──────── INFORMATION SUPPLIED

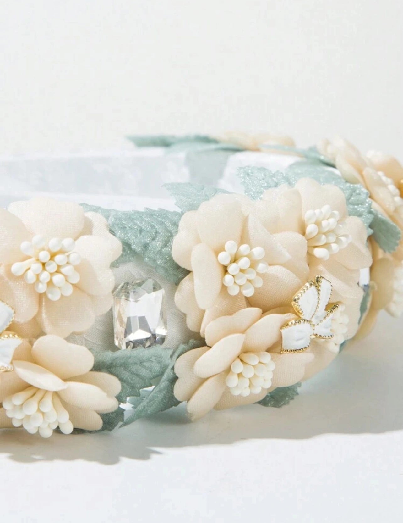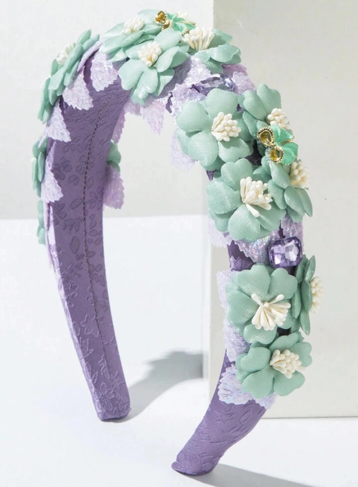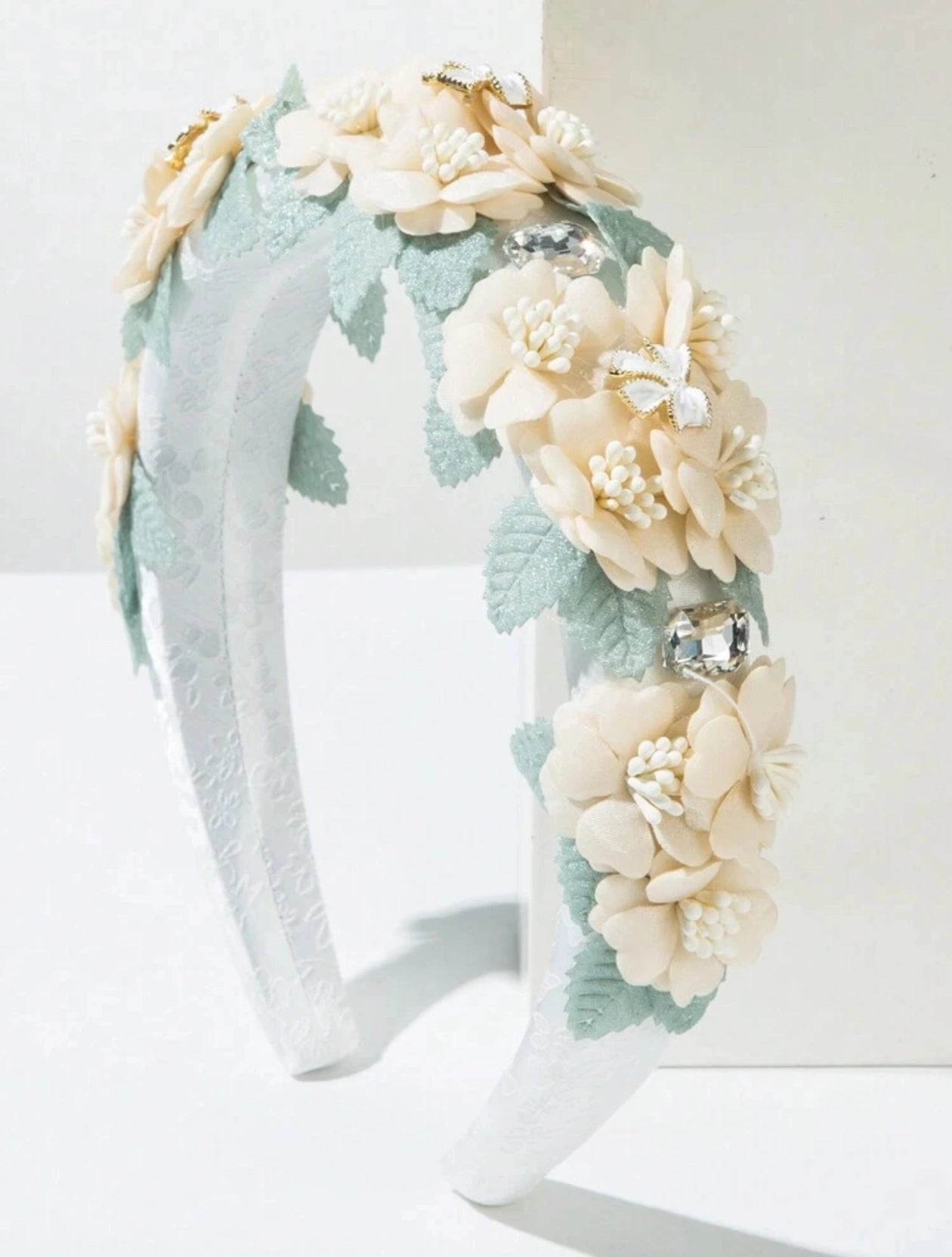 3D floral and leaf embellishments Sparkling crystal accents and butterfly details Soft fabric-covered structure – comfortable and durable Color options: Lavender & Mint / Cream & Aqua Ideal for birthdays, weddings, baptisms, and photo shoots
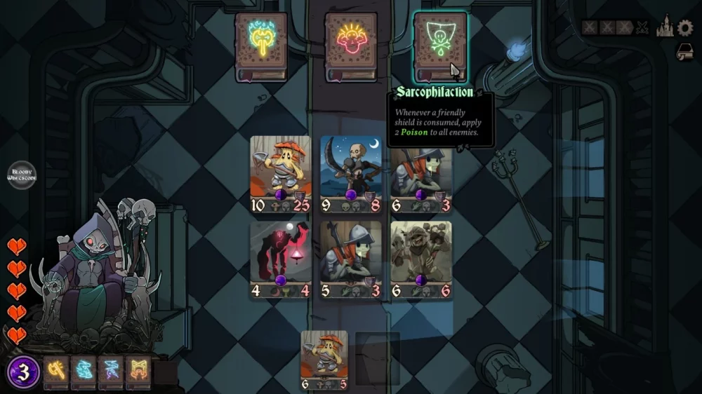 Ваш замок станет местом, где вы сможете отдохнуть, подготовиться к новым испытаниям и улучшить свои навыки. Случайно сгенерированные события обеспечат вам постоянное разнообразие и вызовы, не давая вам скучать ни на минуту. Узнайте, какие комбинации карт и героев подойдут именно вам, и создайте свой неповторимый стиль игры, который поможет вам завоевать Костяной Трон.
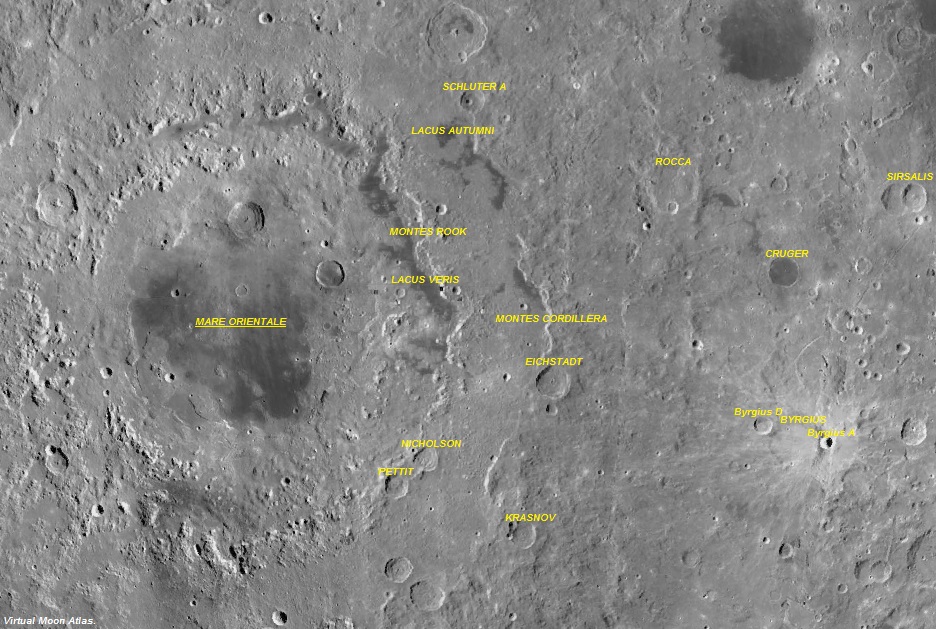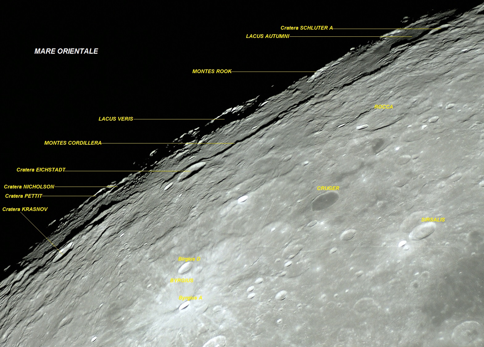 Mare ORIENTALE apresenta aproximadamente 300 Km de diâmetro. O anel interno de cadeia de montanhas, conhecido como Montes ROOK, atinge altitude máxima de 6 Km em relação à superfície circundante e cerca de 600 Km de perímetro. No interior de Montes ROOK localiza-se um lago de lavas escuras, conhecido como Lacus VERIS. Essa região, sob a luz do Sol, destaca suas lavas escuras e cria contrastes com o brilho dos picos das montanhas, fazendo com que as formações locais tornem-se bastante apreciáveis e ajudem no senso de orientação dessa grande região.
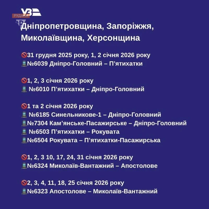 У святкові дні, 31 грудня та в перших числах січня, Укрзалізниця скасовує низку приміських потягів на Дніпропетровщині. В тому числі, й криворізький маршрут до Рокуватої.

────────────────

_WHAT TO PRODUCE_:
Write down the full listing above exactly as it is, except for any images.

_RESULT_:
 3D floral and leaf embellishments Sparkling crystal accents and butterfly details Soft fabric-covered structure – comfortable and durable Color options: Lavender & Mint / Cream & Aqua Ideal for birthdays, weddings, baptisms, and photo shoots
 Ваш замок станет местом, где вы сможете отдохнуть, подготовиться к новым испытаниям и улучшить свои навыки. Случайно сгенерированные события обеспечат вам постоянное разнообразие и вызовы, не давая вам скучать ни на минуту. Узнайте, какие комбинации карт и героев подойдут именно вам, и создайте свой неповторимый стиль игры, который поможет вам завоевать Костяной Трон.
 Mare ORIENTALE apresenta aproximadamente 300 Km de diâmetro. O anel interno de cadeia de montanhas, conhecido como Montes ROOK, atinge altitude máxima de 6 Km em relação à superfície circundante e cerca de 600 Km de perímetro. No interior de Montes ROOK localiza-se um lago de lavas escuras, conhecido como Lacus VERIS. Essa região, sob a luz do Sol, destaca suas lavas escuras e cria contrastes com o brilho dos picos das montanhas, fazendo com que as formações locais tornem-se bastante apreciáveis e ajudem no senso de orientação dessa grande região.
 У святкові дні, 31 грудня та в перших числах січня, Укрзалізниця скасовує низку приміських потягів на Дніпропетровщині. В тому числі, й криворізький маршрут до Рокуватої.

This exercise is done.